Unfortunately, my wife recently brought an issue to my attention that makes me question the value and appeal of having a sunroof, especially the large panoramic variety. The issue you ask? She drove the car to work on one of our many rainy days here on the Oregon coast and parked it, facing down hill. When she hopped into the car to drive home for lunch she noticed that the front seats were quite wet, as well as the inside ceiling. As it turned out, the rear wheel well, where the spare tire and subwoofer is held, was also holding a small pool of water.
We very seldom ever use our sunroof, and rarely even bother to look up, through it. How could so much water enter so suddenly, when it was all closed up tight?
A call to my VW dealership was quite enlightening. I explained the issue and that it is the customer's responsibility to do periodic cleaning and inspection of the sunroof, as it supposedly says in the owner's manual. I was shocked to hear that, but then reminded him that all of my service for the car has been done at the their dealership, including a service that was just completed one week prior to this leak. During that service they even asked me if I wanted to have the service bulletin for the drainage of the moonroof taken care of. I said sure and then they replied that it was their mistake, it was already done last year. Had they forgotten to inspect the sunroof while they had it in their possession?
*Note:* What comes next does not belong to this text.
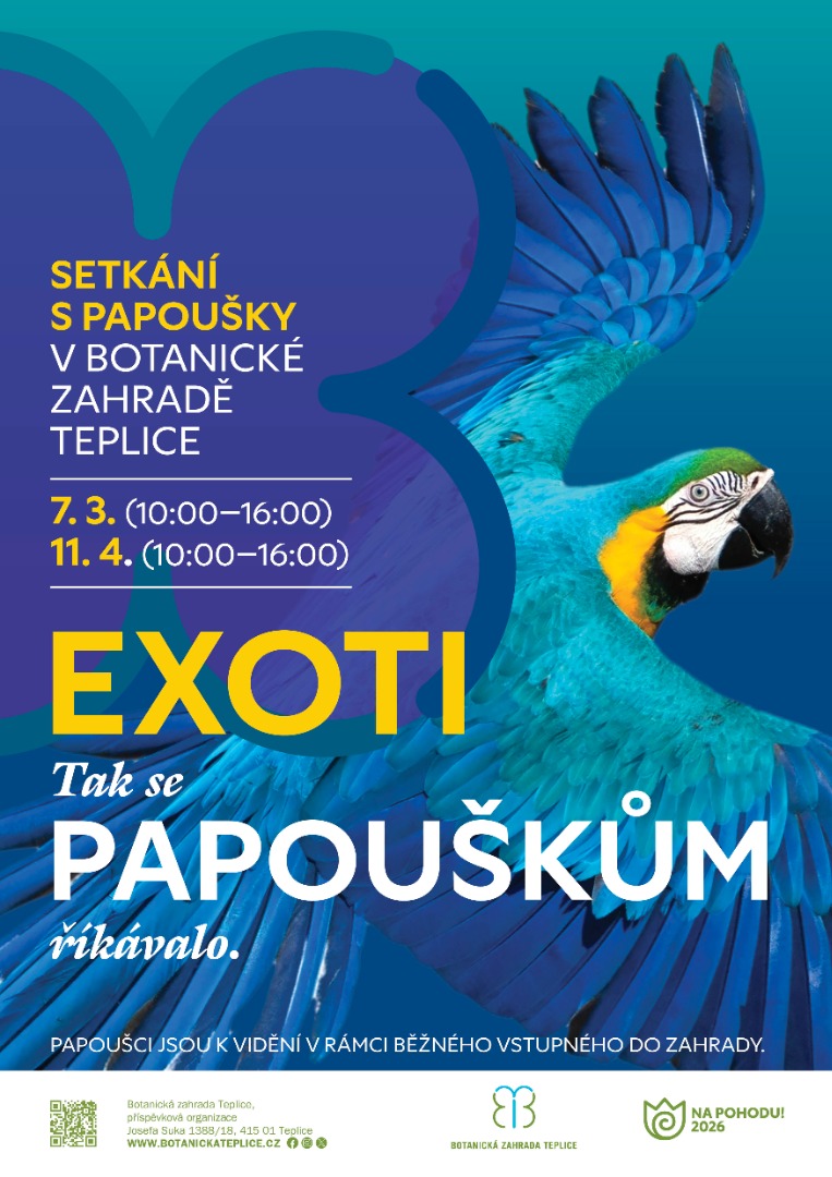 POZNÁMKA: Akce se koná v tropickém skleníku, kde bude vymezena část pro návštěvníky mající zájem o setkání s papoušky a trasa, kudy budou procházet ostatní návštěvníci. Setkání s papoušky je možné mezi 10:00 až 16:00, avšak vstup do zahrady od 15.00 je pouze pro prohlídku botanické zahrady.

Regarding the servicing, I replied that I would assume that if something is important (as this is) they would include it with their other services. I was surprised to hear that it is included, for my car model, only starting at the 40,000 mile service! That sounds ridiculous, but is actually true, as I confirmed in my VW manual. It is sooner and more often for the Touareg model, but not so for the 2015 Golf Sportswagen.
i am not alone with this cold (wet) discovery, it turns out that with an internet search of "Volkswagen sunroof leak", results yield VW Class Action Lawsuits up and down the screen.
I was disheartened with this news. We love our car, what to do now? We live in a rainforest, we can't have a car that isn't weatherproof, let alone a car that can't handle rain!
I was curious to know if this was a VW issue or if other makes also soaked their customers on this issue. So I called a friend who is a service adviser at a Mercedes dealership. I asked if Mercedes cars and trucks have issues with sunroofs leaking"? He said "they all do". All makes have the same issue, as the issue mostly comes down to the drainage and that needs to stay clean or water will overflow into the passenger compartment.
As I understand this, there are typically two drains at the front of the sunroof and two drains at the rear of the sunroof. These drain hoses are about the size of a drinking straw and thanks to spider webs, pollen, tree needles, leaves or you name it, can be easily plugged, even if you never use your sunroof. The drain hose can also disconnect altogether, leaving water draining where you don't want it to.
The Bottom Line:
My friend at the Mercedes dealership said that is why they (MB Service techs) check the sunroof drains at each service. Perhaps that is one reason why you don't see the class action lawsuits and disgruntled customers that you see with VW. VW doesn't service this important issue nearly as often as they should and customers don't even know they need to, until their vehicle is possibly ruined with water damage.
It is getting more and more difficult to avoid a sunroof in a car, as most midline and upper trim lines have them as standard.
My thoughts in conclusion:
I have learned that car manufactures that sell vehicles with these large sunroofs should service them often and they should actively inform all owners of the importance of this maintenance, because people become very angry when learning this potentially costly and avoidable lesson on their own. Vehicles that are not properly and quickly dried can develop interior water stains and mold growth can become a health concern. Water damage often results in cars being "totaled" by insurance claims and all of our rates increase to pay for it.
With my car at least, I don't see how anyone that is not a professional mechanic could be expected to clean out the drains on their panoramic sunroof, especially the rear drains, where it appears the rear tires may need to be removed for access. Which brings me back to my first point.
Far too many cars and trucks and almost all prestige brands have sunroofs/moonroofs as standard equipment. Can we all just let go of this obsession to see the sky through our vehicle's roof? Likely not.
The point of the story; When you bring your car in for regular service have them check and clear the drains for your sunroof. if you don't have a sunroof, good for you.